Provenance and attestation tooling answers a question neither SCA nor SBOMs can: was this artifact actually built the way it claims to have been, by whom, from what source? SLSA (Supply-chain Levels for Software Artifacts), which originated at Google and is now hosted by the OpenSSF, defines build-track levels 0 through 3 in its current v1.0 specification, each requiring stronger guarantees — from no formal requirements at Level 0, through provenance metadata at Level 1 and non-forgeable, platform-generated provenance at Level 2, up to hermetic, two-party-reviewed builds at Level 3. (An earlier draft of the spec described a fourth level requiring reproducible builds; that requirement was deferred rather than carried into the current standard.) Sigstore, an OpenSSF project that reached general availability in 2022, provides the machinery to make those claims verifiable: cosign for keyless artifact signing, Fulcio as a short-lived certificate authority tied to OIDC identity, and Rekor as a public, tamper-evident transparency log recording every signature. in-toto complements this with a layout format for defining and verifying each step of a multi-party build pipeline.
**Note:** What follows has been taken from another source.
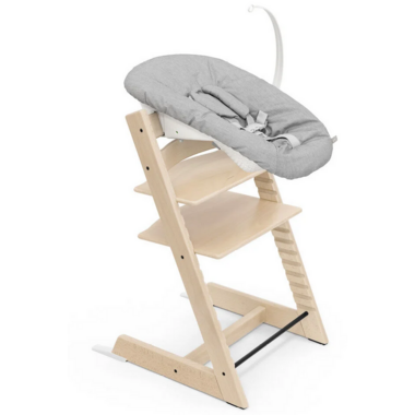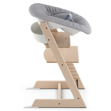The Tripp Trapp High Chair + Newborn Set bundle brings your baby to the dining table from birth. Newborn Set attachment is suitable from newborn up to 9kg / 20lb. Newborn Set is angle adjustable with a 5-point safety harness & shoulder pads for comfort, Toy Hanger is included. Tripp Trapp High Chair has depth and height adjustable seat & footplate.

The 2020 SolarWinds Orion compromise, where attackers inserted malicious code directly into a signed, trusted build pipeline, remains the standard reference case for why provenance verification exists as its own category separate from scanning finished artifacts for known flaws.
Why do registries need their own scanning category?
Registry and malware scanning exists because a growing share of supply chain attacks never touch a CVE database at all — they're malicious packages published directly to npm, PyPI, or crates.io, or dependency-confusion attacks that trick a build into pulling an attacker-controlled package instead of an internal one. Security researcher Alex Birsan demonstrated the dependency-confusion technique in 2021 by publishing packages matching internal library names used by more than 35 companies, including Apple, PayPal, and Microsoft, to public registries; internal build systems that resolved by version number rather than source pulled his public packages automatically, and the disclosure earned him over $130,000 in bug bounties. Vendors like Socket and Phylum built entire products around this gap, analyzing package behavior — install-time scripts, obfuscated code, unexpected network calls — rather than matching against a vulnerability list, because a brand-new malicious package by definition has no CVE yet. This is the category that would have had the best shot at catching something like the xz-utils backdoor's install-time build-script tampering, since it looks at behavior rather than known signatures.
How should a team choose between these categories?
The categories aren't substitutes for each other — Log4Shell (CVE-2021-44228, December 2021) is the case that made this concrete for most security teams, since organizations that had an SCA tool but no SBOM inventory spent days manually grepping repositories to find every place log4j-core was pulled in, transitively or directly. A team should map its actual risk before buying: SCA covers known-vulnerability exposure in dependencies you already use; SBOM generation covers inventory and compliance obligations, including federal procurement requirements under EO 14028; provenance and attestation covers build-integrity and tampering risk, which is the category most organizations still underinvest in; and registry scanning covers novel, unpublished malicious packages. Platforms are increasingly spanning more than one category rather than specializing — Safeguard's ESSCM module, for example, generates SPDX and CycloneDX SBOMs across 30-plus export formats and layers a proprietary Safeguard Component Attestation Level (SCAL, rated 0–5, with SCAL 0 meaning a fully verified reproducible build chain and SCAL 5 meaning unknown origin) on top, mapping explicitly to SLSA levels and verifying Sigstore, in-toto, and package-signature evidence. SCAL is a Safeguard-specific rating rather than an industry standard, but it illustrates the direction the market is moving: fewer point tools, more platforms that combine inventory, vulnerability matching, and provenance verification into one queryable system.